Dataset entries:
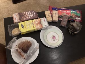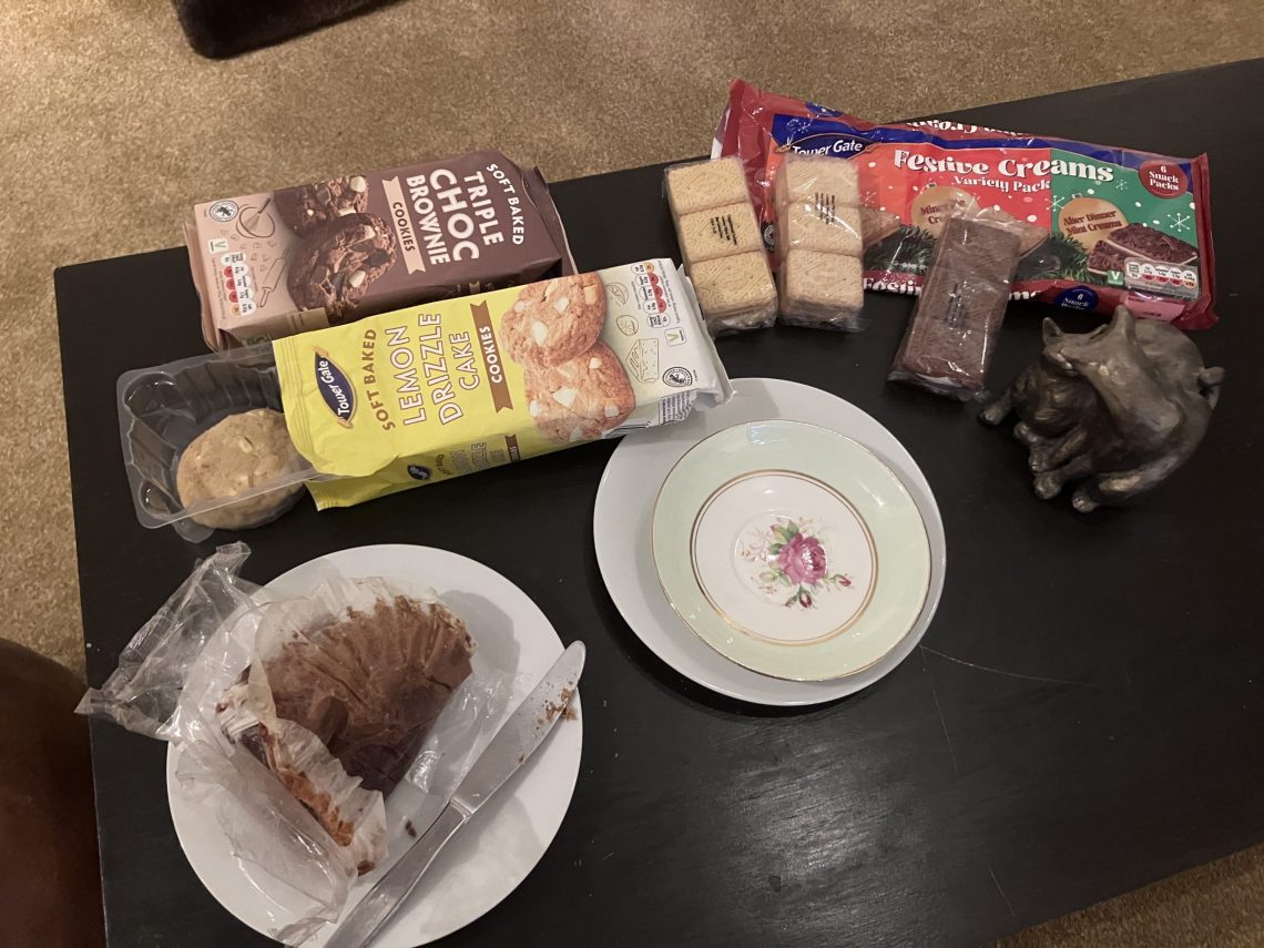 Note the bone china plates and the edible items: – a Norfolk plum cake, lemon drizzle biscuits, chocolate chip cookies, and something particularly disgusting which only J would have purchased.  A “festive custard cream selection” – custard creams flavoured with after eight mint, gingerbread and (this one is the worst) mince pie.
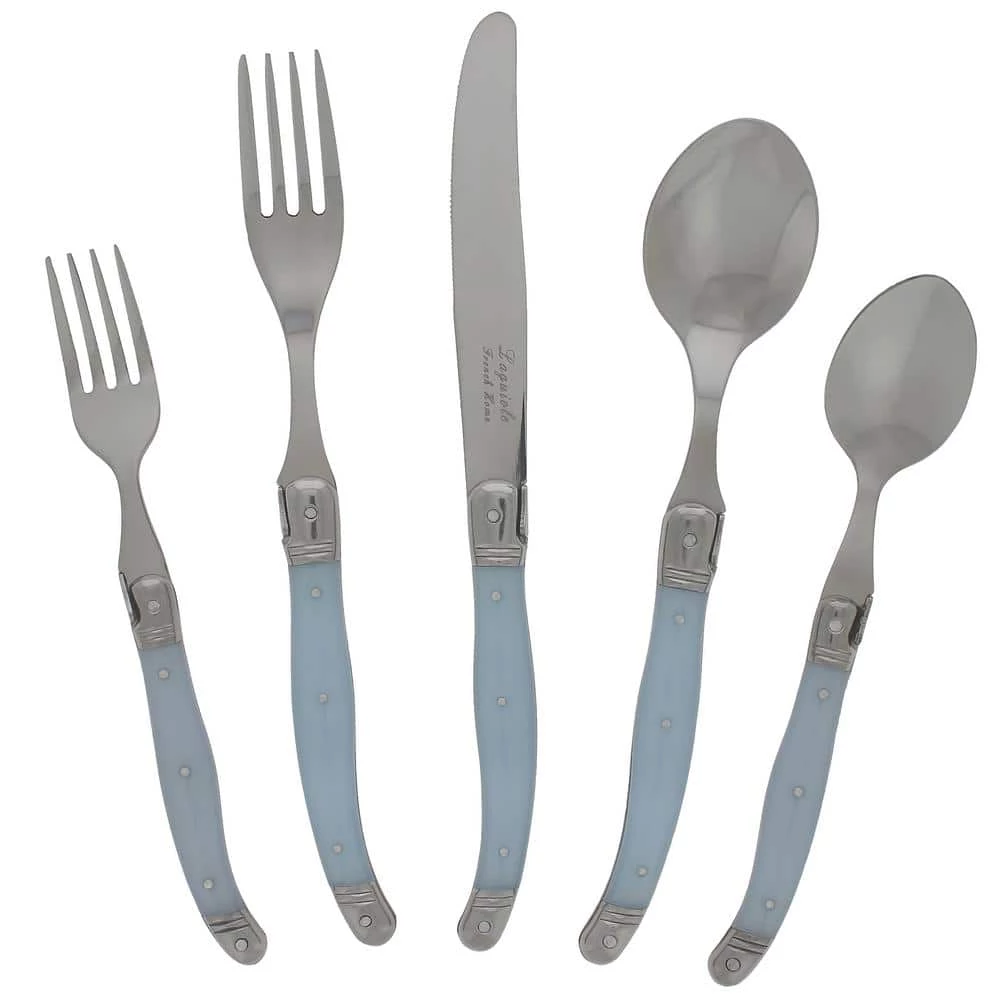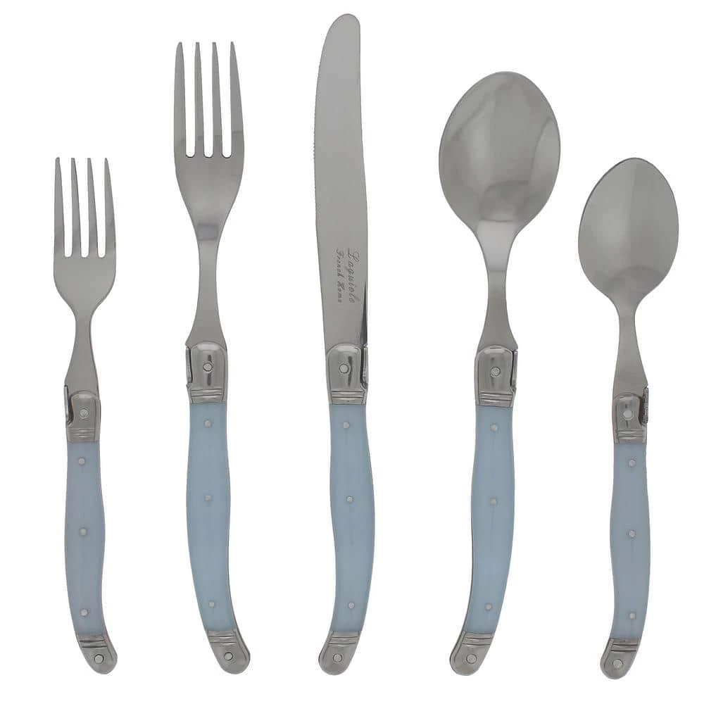 French Home’s traditional and elegant Laguiole design with the iconic three rivet curved handle and Bee emblem is comfortable to hold and perfectly balanced. Ideal for casual or formal dining, the fully tanged 20-piece stainless steel set has Ice Blue handles and is dishwasher safe. Laguiole is a town in France where this style of cutlery originated in the 1820’s. Set includes four 9.25 in. dinner knives, four 8.5 in. dinner forks, four 8.25 in. soup spoons, four 7.25 in. salad forks and four 7.25 in. dessert spoons.
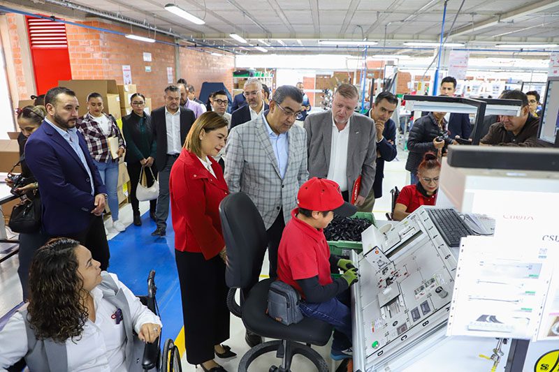 En compañía de la presidenta honoraria del Patronato del SEDIF, Gaby Bonilla, el mandatario visitó a trabajadores de la empresa social CINIA México
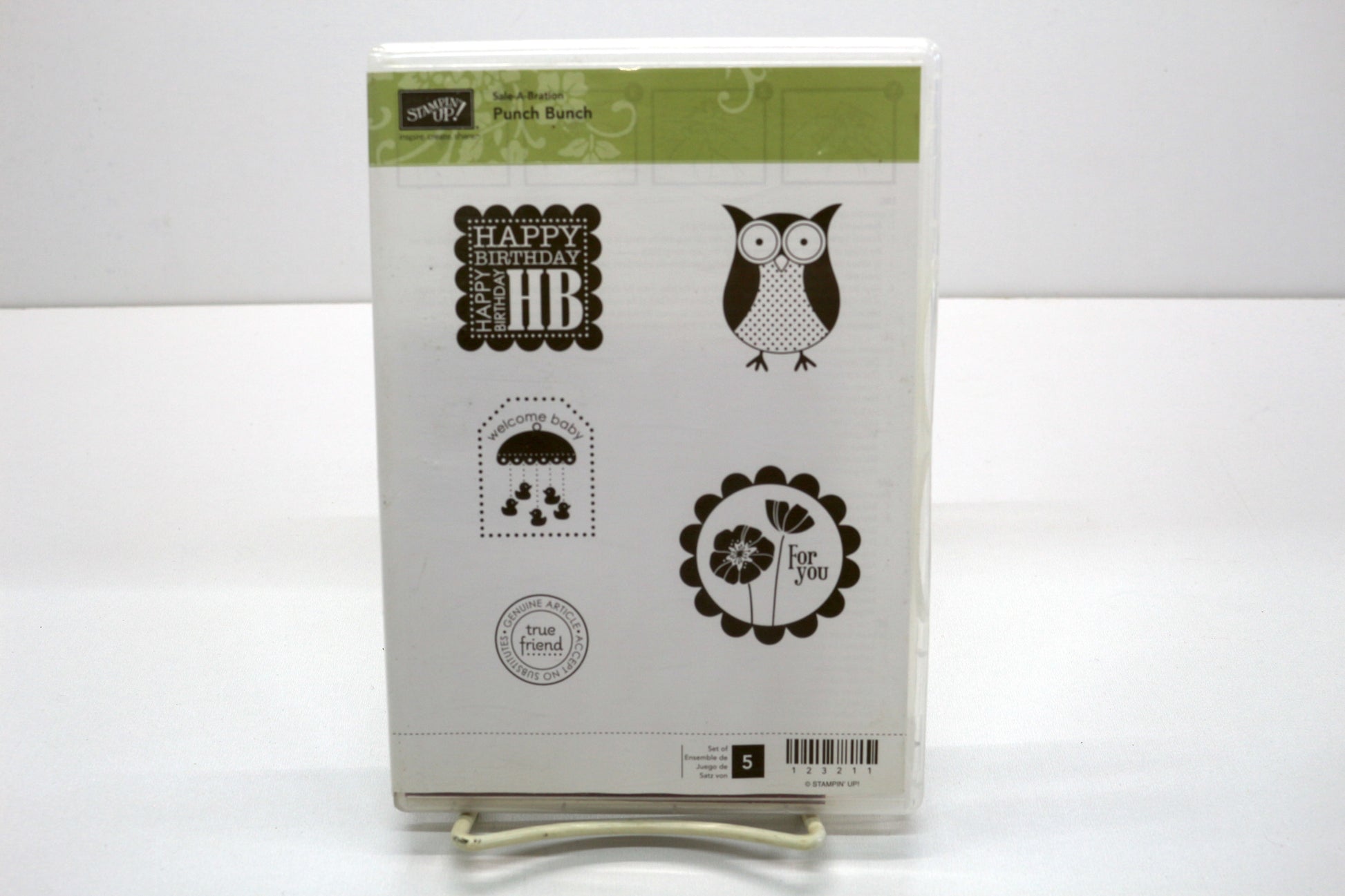 Give your projects a playful pop with this Stampin’ Up! Punch Bunch stamp set! This five-piece red rubber set features some of Stampin’ Up!’s most loved designs—including the adorable owl, scalloped birthday square, “For You” floral medallion, sweet baby tag, and “true friend” circle. Each stamp is designed to coordinate perfectly with popular Stampin’ Up! punches, making it easy to add crisp sentiments and fun accents to cards, tags, journals, and handmade gifts.
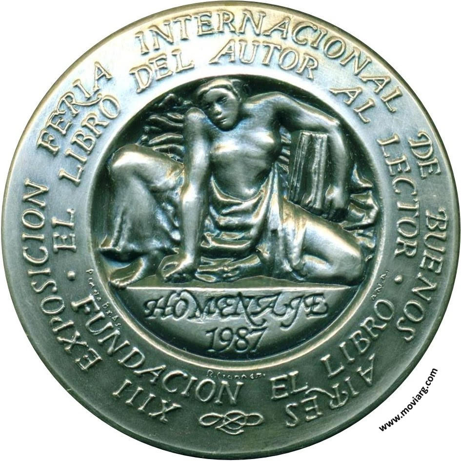 Anverso: JORGE LUIS / BORGES. Firma: R. GIANNETTI Reverso: XIII EXPOSICION FERIA INTERNACIONAL DE BUENOS AIRES / EL LIBRO DEL AUTOR AL LECTOR / FUNDACION EL LIBRO. Campo: HOMENAJE / 1987. Firma: PIANA BS. AS. / R. GIANNETTI / A.N.A. Referencia: | |
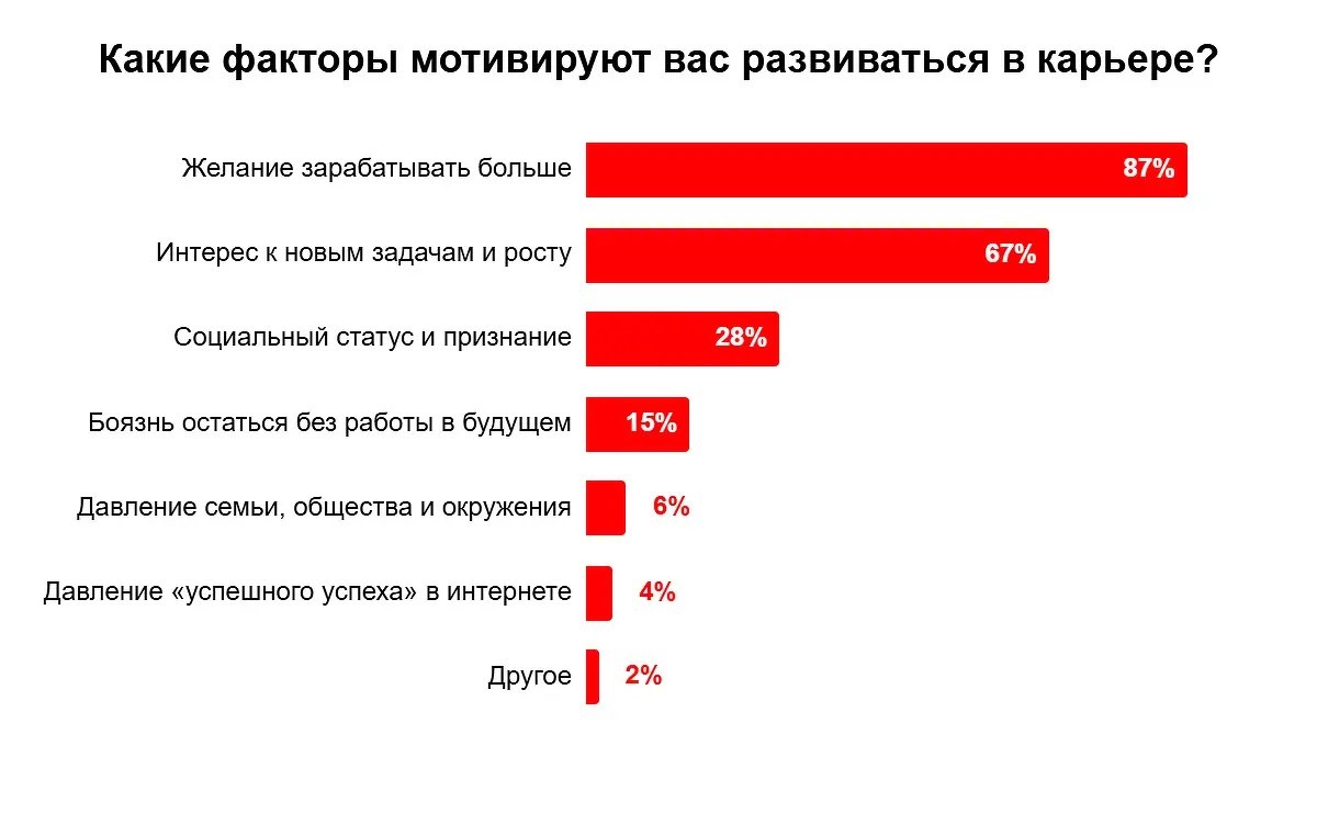 Опрос показал: россияне грезят о баснословных зарплатах (90%!), но и саморазвитие, признание и новые вызовы тоже важны (67%). Женщины чуть больше ценят похвалу, мужики — ощущают давление социума. Молодежь гонится за деньгами (92%), а зрелые дяди и тети — поскромнее (78%). В итоге, Мария Игнатова подытожила: деньги — это круто, но и кайф от работы тоже нужен!

### DIRECTIONS
Without the pictures, repeat every record above exactly as written.

### EXERCISE OUTPUT
 Note the bone china plates and the edible items: – a Norfolk plum cake, lemon drizzle biscuits, chocolate chip cookies, and something particularly disgusting which only J would have purchased.  A “festive custard cream selection” – custard creams flavoured with after eight mint, gingerbread and (this one is the worst) mince pie.
 French Home’s traditional and elegant Laguiole design with the iconic three rivet curved handle and Bee emblem is comfortable to hold and perfectly balanced. Ideal for casual or formal dining, the fully tanged 20-piece stainless steel set has Ice Blue handles and is dishwasher safe. Laguiole is a town in France where this style of cutlery originated in the 1820’s. Set includes four 9.25 in. dinner knives, four 8.5 in. dinner forks, four 8.25 in. soup spoons, four 7.25 in. salad forks and four 7.25 in. dessert spoons.
 En compañía de la presidenta honoraria del Patronato del SEDIF, Gaby Bonilla, el mandatario visitó a trabajadores de la empresa social CINIA México
 Give your projects a playful pop with this Stampin’ Up! Punch Bunch stamp set! This five-piece red rubber set features some of Stampin’ Up!’s most loved designs—including the adorable owl, scalloped birthday square, “For You” floral medallion, sweet baby tag, and “true friend” circle. Each stamp is designed to coordinate perfectly with popular Stampin’ Up! punches, making it easy to add crisp sentiments and fun accents to cards, tags, journals, and handmade gifts.
 Anverso: JORGE LUIS / BORGES. Firma: R. GIANNETTI Reverso: XIII EXPOSICION FERIA INTERNACIONAL DE BUENOS AIRES / EL LIBRO DEL AUTOR AL LECTOR / FUNDACION EL LIBRO. Campo: HOMENAJE / 1987. Firma: PIANA BS. AS. / R. GIANNETTI / A.N.A. Referencia: | |
 Опрос показал: россияне грезят о баснословных зарплатах (90%!), но и саморазвитие, признание и новые вызовы тоже важны (67%). Женщины чуть больше ценят похвалу, мужики — ощущают давление социума. Молодежь гонится за деньгами (92%), а зрелые дяди и тети — поскромнее (78%). В итоге, Мария Игнатова подытожила: деньги — это круто, но и кайф от работы тоже нужен!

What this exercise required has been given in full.